# import torch
# Train the model for a maximum of 100 epochs
#for epoch in range(100):
# Train the model for one epoch
# train(model, train_data, optimizer)
# Evaluate the model on the validation set
# val_loss = evaluate(model, val_data)
# If the validation loss has not improved in the last 10 epochs, stop training
# if val_loss > best_val_loss:
# best_val_loss = val_loss
# patience = 0
# else:
# patience += 1
# if patience == 10:
# break
Neural Networks regularization
1 Overfitting
Overfitting is a common problem in deep learning, and occurs when a model is excessively complex and is able to fit the training data too closely. This can lead to poor generalization to new, unseen data, as the model may have learned patterns in the training data that are not present in the real world.

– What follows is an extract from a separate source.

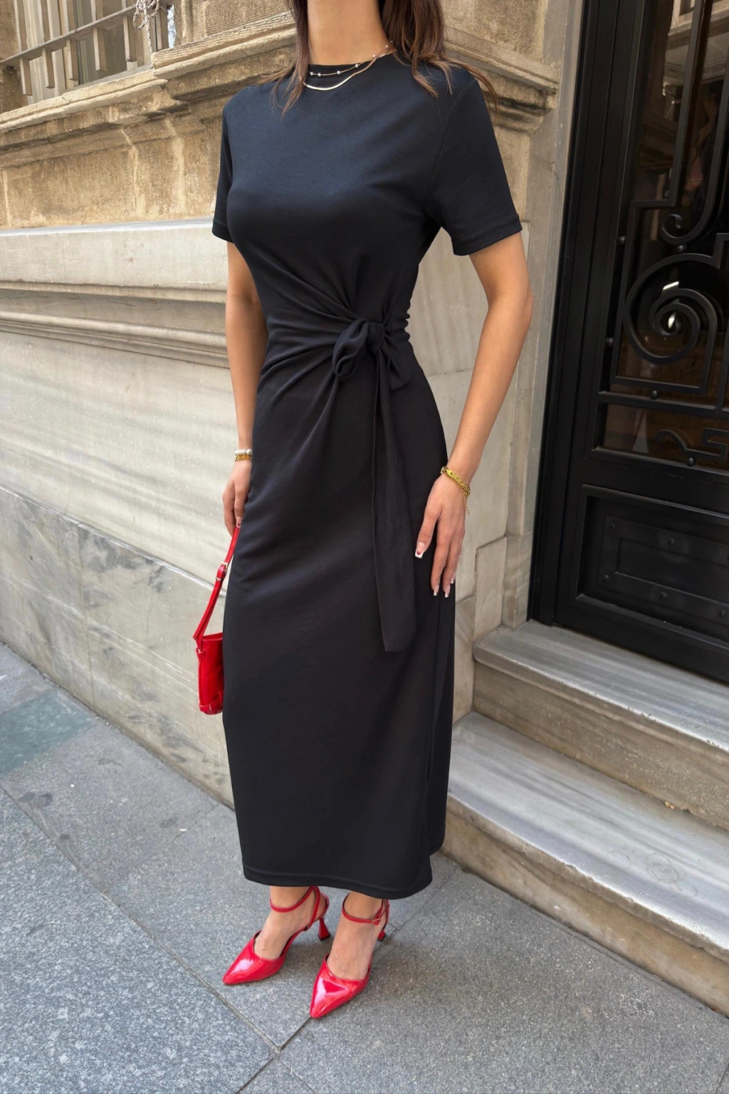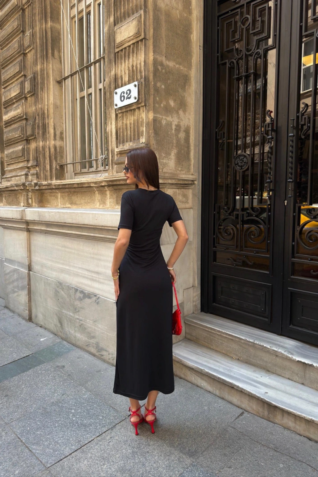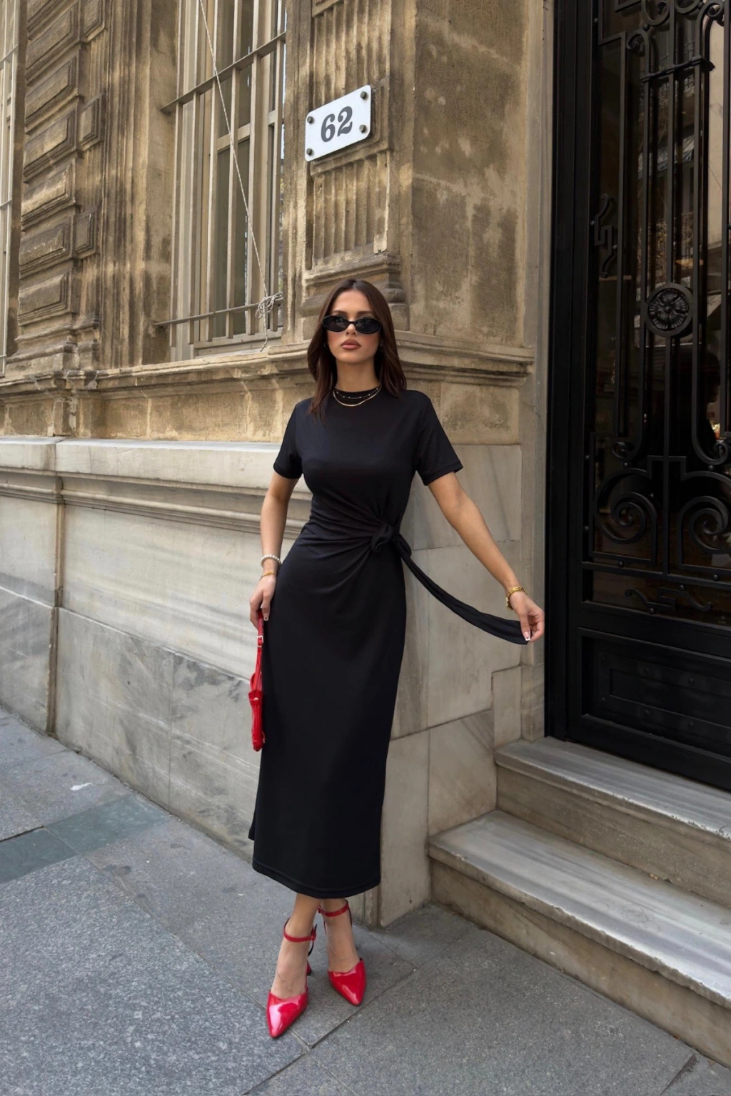 - Rahat kesimi ile günlük kullanım için ideal, siyah renkli modal kumaştan üretilmiş elbise.; - Yandan bağlama detayı sayesinde feminen bir görünüm sunar ve kişisel zevke göre ayarlanabilir.; - Büzgü detayı ile modern ve şık bir siluet oluştururken, kuşak detayı bel bölgesini vurgular.; - Astarsız yapısıyla hafif ve nefes alabilen bir kullanım sunar; iç göstermez.; - Basic koleksiyonun sadeliğiyle her ortamda rahatlıkla tercih edilebilir.; - Orta kalınlığındaki modal kumaşı mevsim geçişlerinde ideal konfor sağlar.; - Trend bir görünüm için kısa kollu ve bisiklet yaka tasarımıyla genç tarza hitap eder.; - Pamuklu materyali sayesinde cildinizle dost dokunuşlar yaşatır ve gün boyu rahat hissetmenizi sağlar.; - Midi boyu ile hem günlük hem de özel günlerde şıklığınızdan ödün vermeden stil sahibi olmanızı mümkün kılar.; - Comfort kalıbıyla vücudu saran ancak sıkmayan yapıya sahiptir, hareket özgürlüğünüzü kısıtlamaz.; - TR menşeli olmasıyla yerel üretim avantajını yakalarsınız.; - Yetişkin yaş grubuna uygun olarak tasarlanmıştır; zamansız parçalar arasında yerini alır.; - Trend ortamlarda dahi güncel moda akımlarıyla uyum içinde olmanız için idealdir.

There are several factors that can contribute to overfitting in deep neural networks:
Large number of parameters: complex network architectures, such as very deep networks or networks with a large number of parameters, can be prone to overfitting.
Lack of sufficient data: If the training dataset is small, the model may be able to fit the training data too closely, leading to overfitting.
It is therefore to use regularization techniques to prevent it.
2 Neural Networks regularization
Regularization techniques are used to prevent overfitting in deep learning models. Regularization techniques result in:
Improved generalization: By preventing overfitting, regularization can help to improve the generalization performance of the model on new, unseen data.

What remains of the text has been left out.